The Heroine with 1001 Faces
Posted: October 25, 2021 Filed under: Books Leave a commentThe Heroine with 1001 Faces
by Maria Tatar
Liveright (September 14, 2021), 361 pages
Kindle edition $14.16, Amazon hardcover $25.49
Maria Tatar is not a big fan of Joseph Campbell. As the title suggests, the current volume is a response to Campbell’s Hero with a Thousand Faces. In an interview Tatar stated the book was not a refutation of Campbell’s work, but an extension of it. Reading the book does not bear that out. She is unhappy with Campbell, and rightly so. Tatar states, “Campbell’s confidence about what it takes to be a hero is daunting, matched only by his conviction that women have no place in his pantheon of heroes.”
Tatar covers more than a millennium of material in her discussion of how mythology, folklore, and writing across the centuries portrayed women in relation to the hero’s journey (to use Campbell’s term). She discusses fairy tales and recounts some of the highly brutal stories that were originally part of the collections of the Grimm Brothers, Hans Christian Andersen, and others, but which vanished as editors began to compile books of fairy tales for children. She writes about how writers and storytellers portrayed women as being responsible for the ills of the world, whether it be Pandora or Eve. Tatar discusses folklore which sent the message that it was a bad thing for women to be curious, while at the same time the stories portrayed intelligent, strong women as responsible for revenge against the men who perpetuated violence against women.

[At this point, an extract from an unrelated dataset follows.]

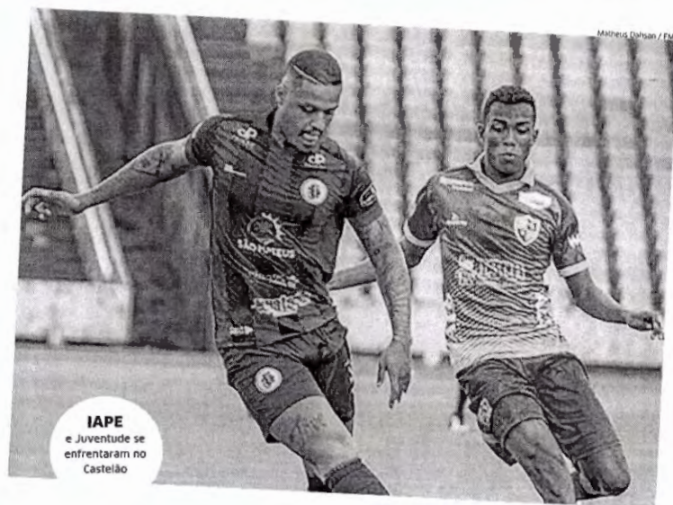
IAPE e Juventude se enfrentaram no Castelo

Moto e Juventude duelam por uma das vagas na final, com o Papão decidindo em casa, e Sampaio e Pinheiro fazem o outro duelo, e o Tubarão decide em SL

There is a long history of women engaged in successful quests, Campbell notwithstanding. Tatar writes about Agatha Christie and Nancy Drew. She discusses Wonder Woman, both as a comic book that emerged during World War II and in the form of the recent movies. Tatar has high praise for the recent trend of female authors retelling the stories of the Trojan War. She very much likes both Madeline Miller’s Circe and Natalie Haynes’s A Thousand Ships. I have read both and agree that the authors craft these stories well and that they are engaging novels focused on women.
Joseph Campbell has fallen into disfavor. As popular as his PBS series with Bill Moyers was, many saw his “follow your bliss” mantra as trite. The facts that came out about his anti-Semitism and other prejudices did not help. Tatar says that she never saw Campbell’s work on any syllabus in her program at Harvard. When I was at Pitzer College in the seventies Campbell did not necessarily appear on course syllabi as required reading, but professors regularly mentioned his work as supplemental reading.
As much as Campbell has contributed to the study of the study of mythology, and he has contributed a lot, Tatar does a great service in calling to our attention to the women he has overlooked or ignored.